There are more examples of model training for HuggingFace Transformers or PyTorch models in the Ray Train documentation.

At the end of these steps, we have built a powerful and dynamic platform for training ML models. Integrating Ray, Kubeflow, and Kubernetes together brings in the benefits of each technology while still being a flexible and cost-effective solution.

In Part 2 of the series, we will look into training an LLM model and bringing in Autoscaling so that you don't have to pay for the GPUs when the cluster is not running.

Benefits and Challenges

While there are a lot of benefits in this setup, there are also some challenges.

Benefits include:

Flexibility: By using our own Kubernetes cluster, we are not bound to any specific cloud provider and can take advantage of the benefits of specialized cloud providers.
Scalability: Kubernetes, Ray, and Kubeflow provide a powerful platform for building and deploying machine learning applications in a scalable manner.
Cost-effectiveness: By using a combination of CPU and GPU instances in the same cluster, we can optimize our platform for both cost and performance.
Ease of management: Kubernetes simplifies the deployment, scaling, and management of containerized applications, making it easy to manage a complex distributed platform like the one we have built.
Efficient resource management: Ray's ability to efficiently manage resources in a distributed environment allows us to optimize our platform for large machine learning training tasks.

Challenges:

Complexity: managing your own Kubernetes cluster can be demanding, especially when you need redundancy and high availability
Ray is very sensitive to the Python version and its library version. There are multiple moving parts in this setup. For instance, if we are running the code from a notebook, we will have the Python version used in the notebook kernel and the Ray version installed in the notebook, but also the Python and Ray version installed in the Ray Cluster. They all need to be the same down to the minor version.
Costly data transfers: depending on your cloud provider, you might be charged for egress data transfers. This makes it more expensive to move data between different cloud providers.

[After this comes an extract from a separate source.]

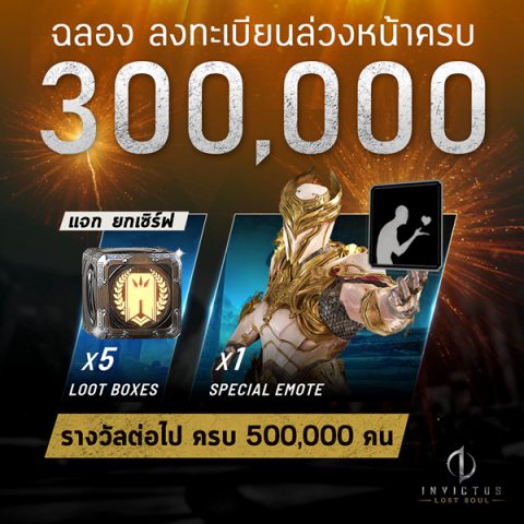 เกม INVICTUS: Lost Soul (อินวิคตัส: ลอส โซล) มียอด ลงทะเบียนล่วงหน้า ทั่วประเทศ มากกว่า 3 แสน เพราะฉะนั้นใครที่มาลงทะเบียนตอนนี้ได้รับของแจกแน่ๆ x5 Loot Boxes 1 Emote ยกเซิร์ฟ!!ฟรี!

In cases when you are using Kubernetes already and either have your own GPUs or you want to use GPUs from a specialized cloud provider, this setup makes it easy to run workloads on GPUs using tools that you are already familiar with, keeping costs low (at least lower than renting GPUs from traditional cloud providers), and increasing the utilization for the GPUs.

Summary

In this blog post, we have demonstrated how to build a powerful platform for training large machine learning models at scale. This is required also when fine-tuning large open language models. By leveraging Kubernetes, Kubeflow, and Ray, we have created a hybrid Kubernetes cluster that provides a flexible, scalable, and cost-effective solution for ML training. We have provided step-by-step instructions for setting up the platform and discussed the benefits of each technology. By following the steps outlined in this blog post, you can build your own LLM training platform that is optimized for both cost and performance.